Indeed, this year the IRS began reporting the types of fraud alleged, and among the most common frauds reported are those likely to fall under §7623(a): false dependent exemptions, wages paid in cash/under the table, unreported income, employee/subcontractor classifications, and the like. Consistent with this, the majority of submissions and claim numbers received in FY 2021 were assigned to the Small Business/Self-Employed division meaning the taxpayers at issue had assets of less than $10 million.
IRS Whistleblower Office Backlog Grows as Timelines Lengthen
The report also includes detail on growing claim backlogs and lengthening claim processing timelines. The Whistleblower Office reports that it currently has 27,017 open claims, nearly 2,000 of which are claims under §7623(b), and closed 12,584 claims in FY2021.
The IRS Whistleblower Office measures the timeline for claim processing and award payment, by comparing the date the whistleblower initially submits a Form 211 (start date) with the date the award is paid (end date). These measures also show a worsening of conditions: §7623(a) claims took an average of 8.5 years to process, and §7623(b) claims took an average of 11.1 years to process. Both of these represent an increase from prior years, and the report notes a “high likelihood that the average claim processing times will continue to increase as claim inventory continues to age while the Whistleblower Office awaits audits, exams, investigations, appeals, tech services, collection, statutes to expire, and whistleblower litigation.”
IRS Whistleblowers Can Help Fill the Tax Gap
Since 2007, the IRS has recovered nearly $6.4 billion as the result of information provided by whistleblowers under the IRS Whistleblower Reward Program – a substantial recovery for the public fisc by any measure. And, the IRS Whistleblower Program has paid over 2,500 whistleblower awards totaling more than $1.05 billion. By any measure again, the IRS Whistleblower Program has demonstrated that it can provide real bang for its buck, with whistleblowers uniquely positioned to provide information about tax fraud and evasion that the IRS would not otherwise have access to.

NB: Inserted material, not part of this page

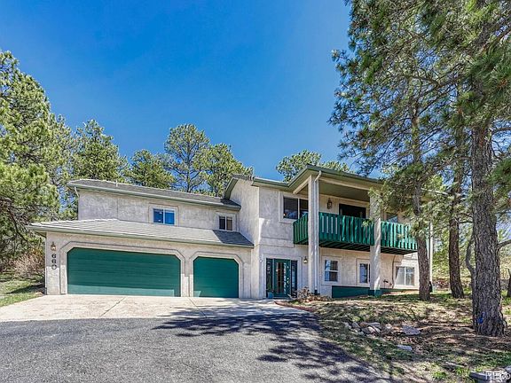 This beautiful home is situated on a gorgeous treed lot in the desirable Woodmoor neighborhood. It is a 3 bed, 3 bath, 3 car garage, walk-out ranch home. Hardwood throughout main floor, spacious family room w/fireplace, vaulted ceilings and your very own private backyard patio. Updated gourmet kitchen, impressive island with hood, plenty of counter space, large pantry and laundry room. Formal dining room with amazing mountain views, master bedroom, french doors, walk in closet, 5-piece bath and walk out private deck area. Downstairs you will find a large recreation room, big bright windows with walk-out access, wet bar, free standing stove for our cool Colorado nights, a full bath and 2 bedrooms. The private backyard is great for entertaining or to enjoy the beautiful outdoors. The 3 car garage has 2 access points into the house, extra storage under the stairs, storage cabinets, bicycle storage lift system, and ceiling storage systems as well. Gutter guard has been installed to keeps out the pine needles, fenced in backyard, 2 storage units, 2 rain barrels, bird bath and an invisible dog fence. Located within the award winning D-38 schools district. Close to shopping, restaurants and I-25. Easy access to Colorado Springs, Denver and to the mountains! HOME IS READY FOR QUICK CLOSING AND MOVE IN!

The IRS Whistleblower Program has achieved these results despite chronic under-funding and cumbersome limitations on cooperation and transparency between law enforcement and whistleblowers. However, the FY2021 report shows that the agency continues to respond to whistleblower submissions, particularly for whistleblowers submitting claims under §7623(b) that are assigned for criminal investigation or to the department’s Large Business and International Division. Nearly 100% of §7623(b) submissions assigned to the Criminal Investigation Division were referred for field examination; over 20% of such claims assigned to LB&I were assigned for field examination.
However, some changes that could improve the program are within reach. We have previously proposed that the IRS Whistleblower Office undertake efforts to be more transparent in communicating with whistleblowers, leverage the expertise and knowledge of whistleblowers, and accelerate the tip and reward process. The FY2021 report highlights some improvements in this area, but there is more work to be done. With administrative reorganizations undertaken in FY2021 and the selection of a new director, John Hinman, who started in May of 2022, improvements in these areas may be on the way.
The IRS Whistleblower Office also highlights that it is considering procedures to avoid the consumption of resources on non-meritorious claims. As the data above suggests, the volume of 7623(a) submissions and award claims may have an outsized impact on IRS Whistleblower Office resources. The Whistleblower Office also acknowledges that it faces administrative burdens from those who submit multiple claims relating to the same information, or numerous claims based entirely on publicly available information. According to the report, “some whistleblowers have submitted hundreds of such claims.” While the office processes and responds to all claims, the report states that it plans to study options to address duplicative or non-meritorious claims in a summary fashion.